Compiling with -prof and -fprof-auto and running with 100000 iterations yielded the following head of the profiling output (pardon my line numbers):
8 COST CENTRE MODULE %time %alloc
9
10 sample AI.Util.ProbDist 31.5 36.6
11 bnParents AI.Probability.Bayes 23.2 0.0
12 bnRank AI.Probability.Bayes 10.7 23.7
13 weightedSample.go AI.Probability.Bayes 9.6 13.4
14 bnVars AI.Probability.Bayes 8.6 16.2
15 likelihoodWeighting AI.Probability.Bayes 3.8 4.2
16 likelihoodWeighting.getSample AI.Probability.Bayes 2.1 0.7
17 sample.cumulative AI.Util.ProbDist 1.7 2.1
18 bnCond AI.Probability.Bayes 1.6 0.0
19 bnRank.ps AI.Probability.Bayes 1.1 0.0
And here are the summary statistics:
1,433,944,752 bytes allocated in the heap
1,016,435,800 bytes copied during GC
176,719,648 bytes maximum residency (11 sample(s))
1,900,232 bytes maximum slop
400 MB total memory in use (0 MB lost due to fragmentation)

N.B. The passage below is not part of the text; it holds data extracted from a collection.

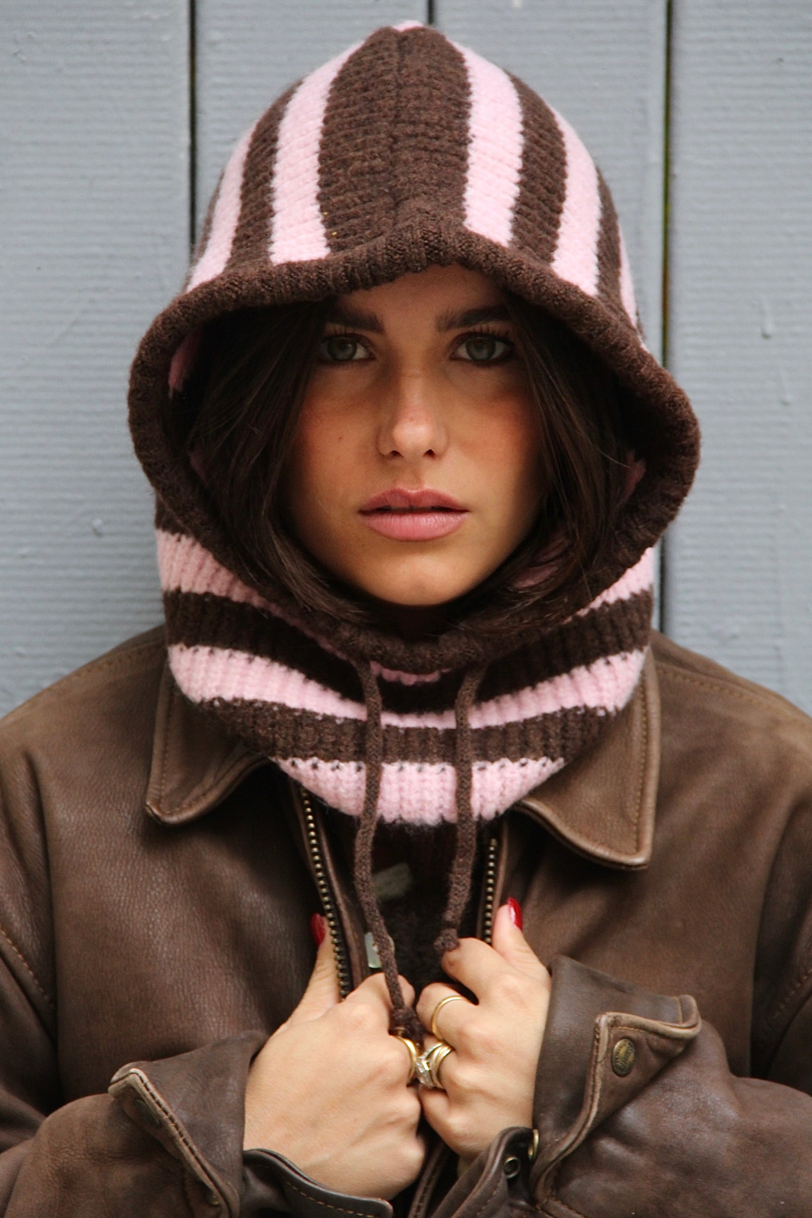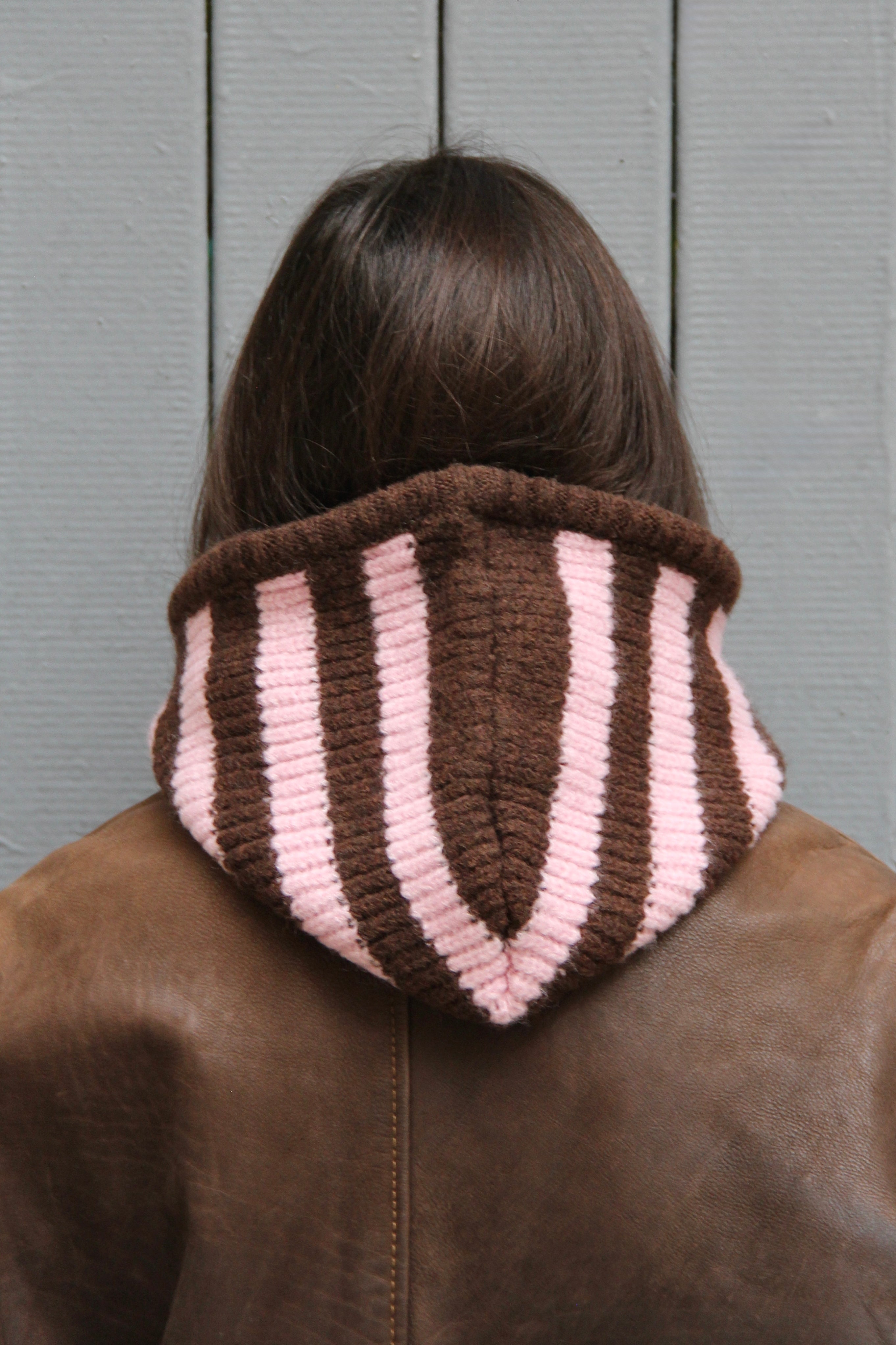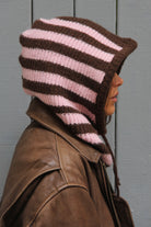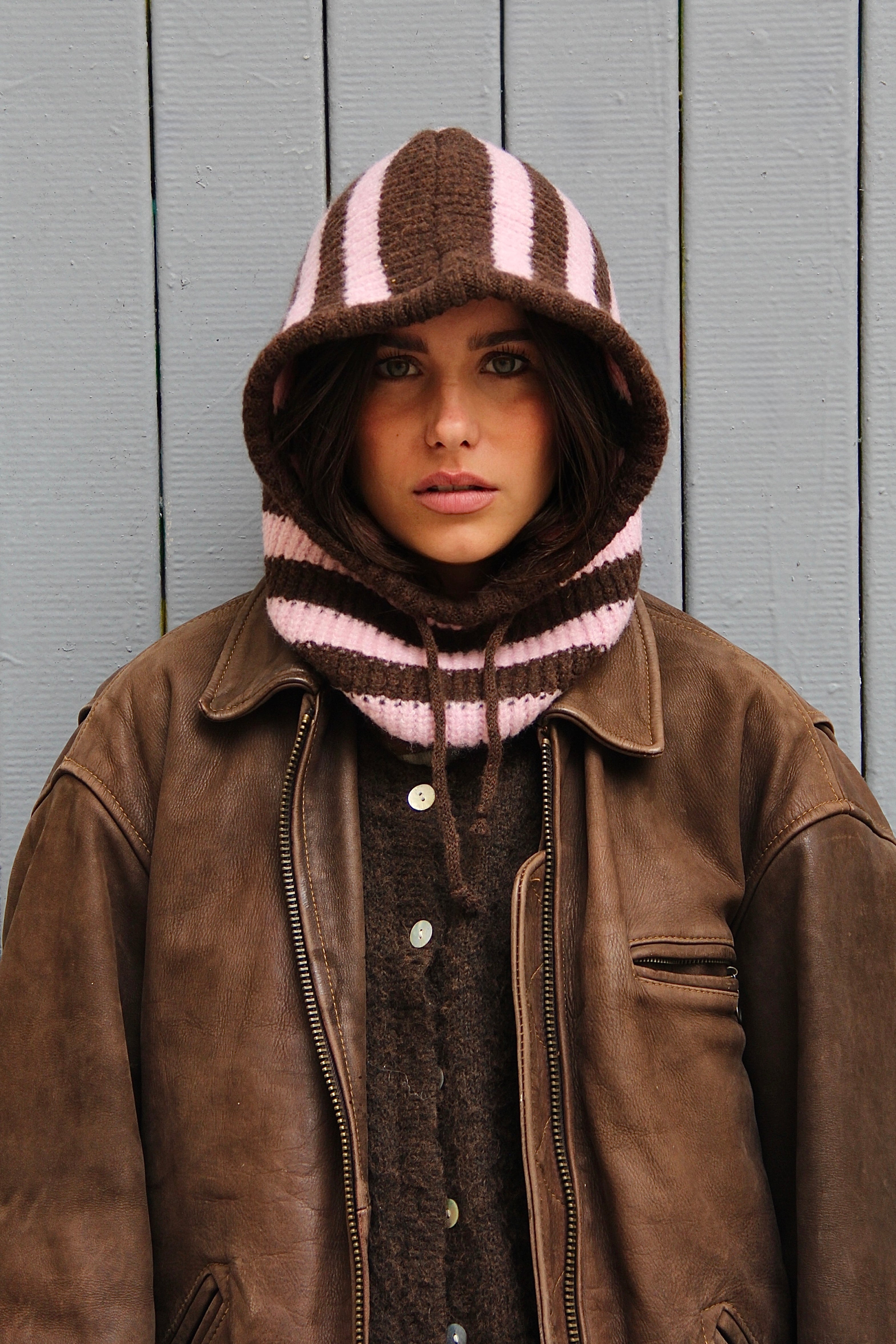 Cagoule rayée alliant confort et élégance. Son tricot rose et marron offre une protection optimale contre le froid, avec des cordons de serrage pour un ajustement parfait.
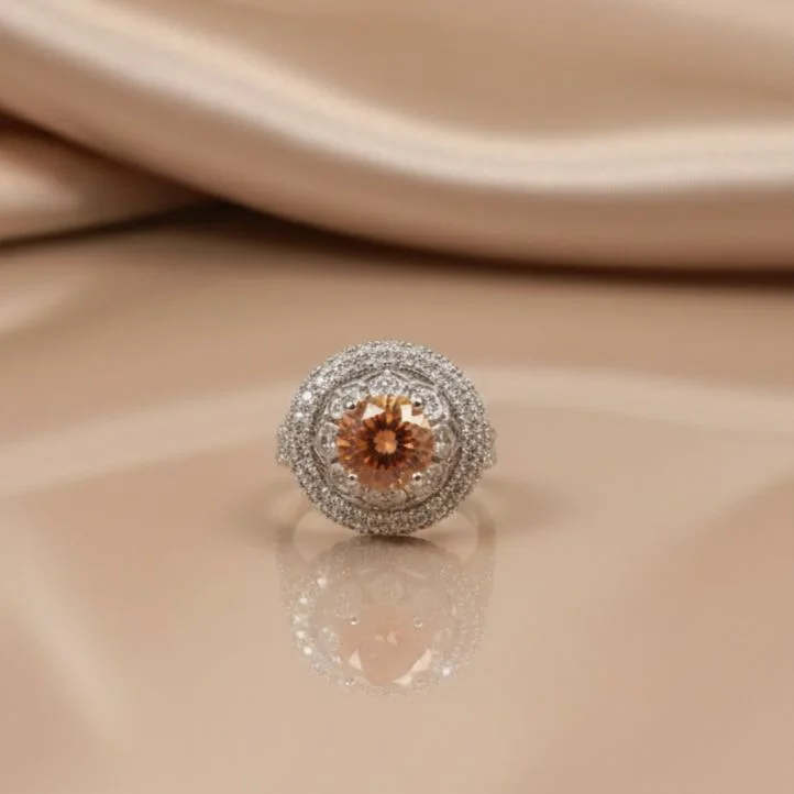 The centerpiece of this chic jewelry is a dazzling champagne stone that exudes warm, elegant brilliance.
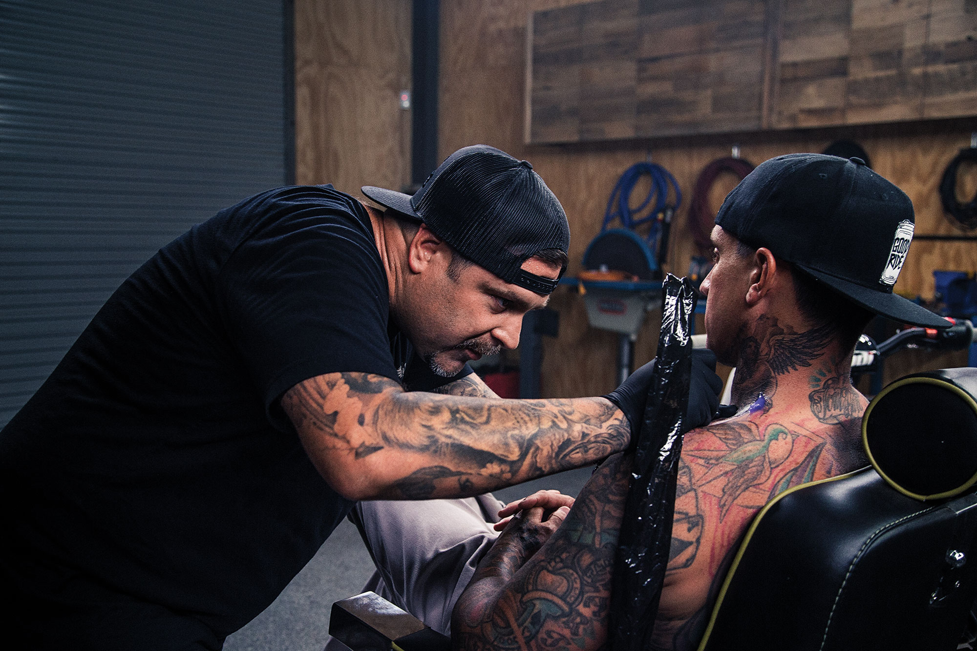 這個瘋狂的想法是來自於Carey,他將騎乘Indian重機時燒胎過後所產生的粒子收集起來,當做刺青墨水的顏料,並且在他的左肩上刺上他最近才出生的兒子名字,透過這樣的方式將他的機車、兒子與他自己永遠聯結起來,並且讓全世界都看到。
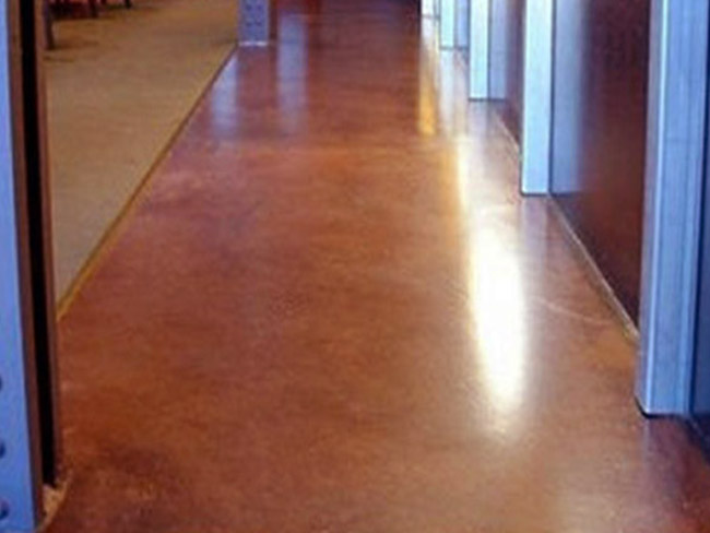 First the concrete floors were mechanically diamond grinded included all edges, then patching and joint filling was done so the floors were then ready for the concrete stain.
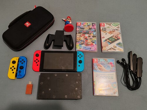 Nintendo Switch v2 Fortnite Edition eladó sok kiegészítővel - új joycon (piros/kék) - hordozó tok játék kártya tartóval - amiibo Super Mario - 8bitdo USB Adapter (bármilyen BT kontroller mükődik) - 3 játék (MarioKart 8 Deluxe, Nintendo Switch Sports és 51 Worldwide Games) A Switch hátlapja le van cserélve, de adom az eredeti Fortnite-os hátlapot. Természetesen jár hozzá HDMI kábel + töltő. a hátlapi támasz nincs meg és az eredeti Fortnite-os joycon-nál nem mükődik az egyik trigger (ez szoftveresen cserélhető más gombra - így lett használva joycon csere előtt) Személyesen átvehető Bükön (de Vas megyében el tudom vinni) Foxpost utánvétel is megoldható

INIT time 0.00s ( 0.00s elapsed)
MUT time 1.40s ( 1.41s elapsed)
GC time 1.08s ( 1.24s elapsed)
Total time 2.47s ( 2.65s elapsed)
%GC time 43.6% (46.8% elapsed)
Alloc rate 1,026,674,336 bytes per MUT second
Productivity 56.4% of total user, 52.6% of total elapsed
Notice that the profiler pointed its finger at sample. I forced the return in that function by using $!, and here are some summary statistics afterwards:
1,776,908,816 bytes allocated in the heap
165,232,656 bytes copied during GC
34,963,136 bytes maximum residency (7 sample(s))
483,192 bytes maximum slop
68 MB total memory in use (0 MB lost due to fragmentation)
INIT time 0.00s ( 0.00s elapsed)
MUT time 2.42s ( 2.44s elapsed)
GC time 0.21s ( 0.23s elapsed)
Total time 2.63s ( 2.68s elapsed)
%GC time 7.9% (8.8% elapsed)
Alloc rate 733,248,745 bytes per MUT second
Productivity 92.1% of total user, 90.4% of total elapsed
Much more productive in terms of GC, but not much changed on the time. You might be able to keep iterating in this profile/tweak fashion to target your bottlenecks and eke out some better performance.
I think your initial diagnosis is correct, and I've never seen a profiling report that's useful once memory effects kick in.
The problem is that you're traversing the list twice, once for sequence and again for sum. In Haskell, multiple list traversals of large lists are really, really bad for performance. The solution is generally to use some type of fold, such as foldM. Your sampleMean function can be written as
{-# LANGUAGE BangPatterns #-}
sampleMean2 :: MonadRandom m => Int -> m Float -> m Float
sampleMean2 n dist = foldM (\(!a) mb -> liftM (+a) mb) 0 $ replicate n dist
for example, traversing the list only once.
You can do the same sort of thing with likelihoodWeighting as well. In order to prevent thunks, it's important to make sure that the accumulator in your fold function has appropriate strictness.